Nous avons rencontré l'écrivaine et commissaire d'expositions d'art contemporain et de bandes dessinées, Elettra Stamboulis, au Festival des citoyens de la Méditerranée de Catane où elle présentait son roman graphique « Little Jerusalem. Thessalonique ». Illustré par Angelo Mennillo et publié en Italie par Mesogea (2019), l'ouvrage est également sorti en Grèce, en Turquie et en France.

Le Salonique d'Elettra Stamboulis | Babelmed

Romanos est un jeune glottologue bulgare qui, après la chute du mur de Berlin, se rend à Thessalonique, une ville à laquelle l'histoire de sa famille est profondément liée. L'ancienne Thessalonique, qui doit son nom à la sœur d'Alexandre le Grand, a été appelée diversement au cours des siècles, Selanick, Solun, Salonicha, Salonique. Elle était déjà, à l'époque romaine, l'un des principaux ports stratégiques de la Méditerranée orientale. Ce creuset millénaire de langues, de cultures et de religions est toujours surnommé "la petite Jérusalem".

 

Le jeune Romanos tente d'en recomposer la mosaïque complexe, confiant dans une longue lettre à sa grand-mère ses pensées, tantôt nostalgiques, tantôt ironiques, très souvent confuses à cause des nombreuses informations qu'il n'est pas toujours facile de contextualiser.

 

Les vicissitudes des Juifs séfarades, ses ancêtres, sont intimement mêlées à celles de la ville. Exilés de l'Espagne d'Isabelle de Castille, un grand nombre d'entre eux ont franchi la "grande porte" de l'Empire ottoman qui garantissait la protection de tous les "gens du livre". Des milliers d'entre eux débarquent à Thessalonique, dont la population est alors en déclin, et s'y installent.

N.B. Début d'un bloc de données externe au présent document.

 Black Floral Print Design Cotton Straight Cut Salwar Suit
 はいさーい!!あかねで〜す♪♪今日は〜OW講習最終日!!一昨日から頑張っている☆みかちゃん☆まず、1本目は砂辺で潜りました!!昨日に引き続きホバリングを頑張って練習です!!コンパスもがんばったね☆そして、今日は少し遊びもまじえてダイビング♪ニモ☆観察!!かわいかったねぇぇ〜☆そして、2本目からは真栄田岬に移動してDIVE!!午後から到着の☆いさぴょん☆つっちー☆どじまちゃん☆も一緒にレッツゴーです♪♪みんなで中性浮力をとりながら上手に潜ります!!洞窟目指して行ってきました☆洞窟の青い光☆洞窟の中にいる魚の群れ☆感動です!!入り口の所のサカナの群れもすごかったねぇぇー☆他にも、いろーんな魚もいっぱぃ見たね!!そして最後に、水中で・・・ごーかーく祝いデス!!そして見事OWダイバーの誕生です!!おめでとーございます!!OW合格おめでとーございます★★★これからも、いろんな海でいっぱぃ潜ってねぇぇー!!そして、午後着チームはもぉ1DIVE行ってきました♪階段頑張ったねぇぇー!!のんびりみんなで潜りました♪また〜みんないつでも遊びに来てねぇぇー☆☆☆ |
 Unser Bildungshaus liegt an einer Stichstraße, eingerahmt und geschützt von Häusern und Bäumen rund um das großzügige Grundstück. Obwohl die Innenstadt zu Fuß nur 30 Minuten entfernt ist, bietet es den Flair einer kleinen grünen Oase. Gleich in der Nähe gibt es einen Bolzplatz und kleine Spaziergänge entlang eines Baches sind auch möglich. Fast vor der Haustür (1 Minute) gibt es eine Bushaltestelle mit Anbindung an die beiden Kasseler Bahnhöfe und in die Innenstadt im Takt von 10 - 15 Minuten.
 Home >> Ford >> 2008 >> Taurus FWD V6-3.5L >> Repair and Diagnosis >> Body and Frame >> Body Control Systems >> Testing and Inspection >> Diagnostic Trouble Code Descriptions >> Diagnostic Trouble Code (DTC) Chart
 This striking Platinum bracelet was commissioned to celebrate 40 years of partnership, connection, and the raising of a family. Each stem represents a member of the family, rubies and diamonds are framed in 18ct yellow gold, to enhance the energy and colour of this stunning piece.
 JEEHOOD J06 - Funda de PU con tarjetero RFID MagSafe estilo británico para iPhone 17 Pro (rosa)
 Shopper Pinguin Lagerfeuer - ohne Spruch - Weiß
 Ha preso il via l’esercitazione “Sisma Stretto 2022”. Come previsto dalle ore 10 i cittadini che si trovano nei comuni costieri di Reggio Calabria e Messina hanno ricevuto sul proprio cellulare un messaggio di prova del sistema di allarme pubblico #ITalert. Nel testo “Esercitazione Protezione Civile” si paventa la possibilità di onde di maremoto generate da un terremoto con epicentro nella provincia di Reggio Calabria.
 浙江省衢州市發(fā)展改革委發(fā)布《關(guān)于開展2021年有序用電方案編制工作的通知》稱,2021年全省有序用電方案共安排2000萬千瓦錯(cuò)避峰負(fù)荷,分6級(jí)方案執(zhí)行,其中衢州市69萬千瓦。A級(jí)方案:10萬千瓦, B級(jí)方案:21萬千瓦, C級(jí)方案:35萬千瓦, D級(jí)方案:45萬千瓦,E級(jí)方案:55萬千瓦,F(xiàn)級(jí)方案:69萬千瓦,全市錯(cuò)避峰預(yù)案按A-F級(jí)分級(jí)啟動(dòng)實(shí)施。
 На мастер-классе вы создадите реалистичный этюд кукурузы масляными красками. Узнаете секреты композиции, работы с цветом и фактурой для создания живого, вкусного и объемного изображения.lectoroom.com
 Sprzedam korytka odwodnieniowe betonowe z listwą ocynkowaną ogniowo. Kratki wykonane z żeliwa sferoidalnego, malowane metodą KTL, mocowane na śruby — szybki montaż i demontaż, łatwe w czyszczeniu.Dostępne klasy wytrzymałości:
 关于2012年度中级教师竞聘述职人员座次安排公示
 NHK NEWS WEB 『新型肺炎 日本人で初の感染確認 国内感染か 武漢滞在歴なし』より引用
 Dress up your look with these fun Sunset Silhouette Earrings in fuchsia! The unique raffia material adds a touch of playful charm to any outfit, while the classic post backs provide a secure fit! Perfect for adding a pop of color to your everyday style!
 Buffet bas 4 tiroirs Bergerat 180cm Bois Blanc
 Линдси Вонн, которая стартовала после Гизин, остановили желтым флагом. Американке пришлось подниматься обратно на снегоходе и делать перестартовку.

Lors du recensement de 1913, la communauté juive est la plus importante, suivie des communautés ottomane, grecque, bulgare ...

 

Blessures profondes

 

En 1917, un incendie a dévasté une grande partie de leur quartier, mais ce sont les dramatiques déportations massives de la Seconde Guerre mondiale qui ont finalement rompu leurs liens avec ce lieu. Quarante-cinq mille personnes sont mortes dans les camps de la mort nazis et les 1950 qui ont réussi à revenir n'ont jamais récupéré leurs biens.

Thessalonique, commente Romanos, « semble condamnée à des ruptures brutales qui frappent sa population. Comme un théâtre où, une fois le spectacle terminé, il faut se dépêcher de changer de compagnie, de décor, de public ».

Ses propos mêlent philologie, histoire, art, conte et sont accompagnés de dessins en noir et blanc qui retracent les événements du passé : de la domination ottomane à la katastrofé1, du régime des Colonels à la sanglante guerre civile, improprement appelée « la guerre des Brigands ».

 

Retirées à l'intérieur et ignorées à l'extérieur, ces blessures profondes demandent à être travaillées, ce qui explique la lourde chronologie finale du livre, qui, selon Moni Ovadia, ne devrait manquer dans aucune bibliothèque digne de ce nom.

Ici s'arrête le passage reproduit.